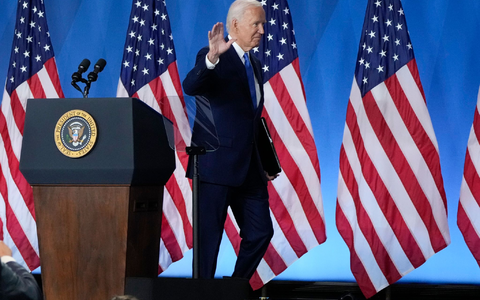 Mehrere Male lehnt er sich etwas ungelenk nach vorn über das Pult und flüstert mit aufgerissenen Augen Sätze ins Mikro - wohl um sie wirkungsvoller zu machen. Zwischendurch ballt Biden mehrfach die Faust, um Stärke zu demonstrieren - wie öfter auch in den vergangenen Tagen beim Nato-Gipfel, als er immer wieder auf die Rückzugsforderungen seiner Parteikollegen angesprochen wurde und die Faust als Antwort lieferte.
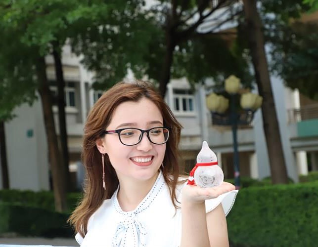 记者留意到,今年的毕业礼物以葫芦为造型,设计优雅、精巧通透。
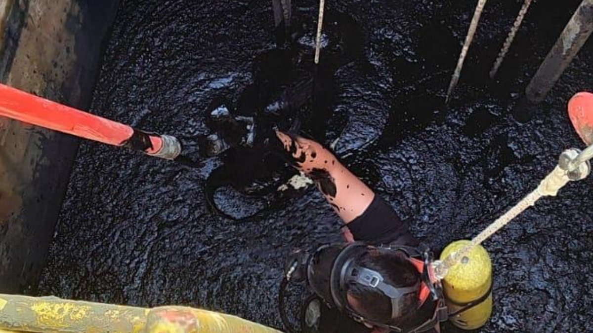 Olay yerine sevk edilen itfaiye ekipleri, özel ekipmanlar ve halatlarla atık havuzuna girerek işçileri bulundukları yerden çıkardı.

=-=-=-=-=

WHAT THE TASK REQUIRES
Copy out every line of the data above, taking care to leave the pictures out.

ANSWER FOR THE TASK
 Mehrere Male lehnt er sich etwas ungelenk nach vorn über das Pult und flüstert mit aufgerissenen Augen Sätze ins Mikro - wohl um sie wirkungsvoller zu machen. Zwischendurch ballt Biden mehrfach die Faust, um Stärke zu demonstrieren - wie öfter auch in den vergangenen Tagen beim Nato-Gipfel, als er immer wieder auf die Rückzugsforderungen seiner Parteikollegen angesprochen wurde und die Faust als Antwort lieferte.
 记者留意到,今年的毕业礼物以葫芦为造型,设计优雅、精巧通透。
 Olay yerine sevk edilen itfaiye ekipleri, özel ekipmanlar ve halatlarla atık havuzuna girerek işçileri bulundukları yerden çıkardı.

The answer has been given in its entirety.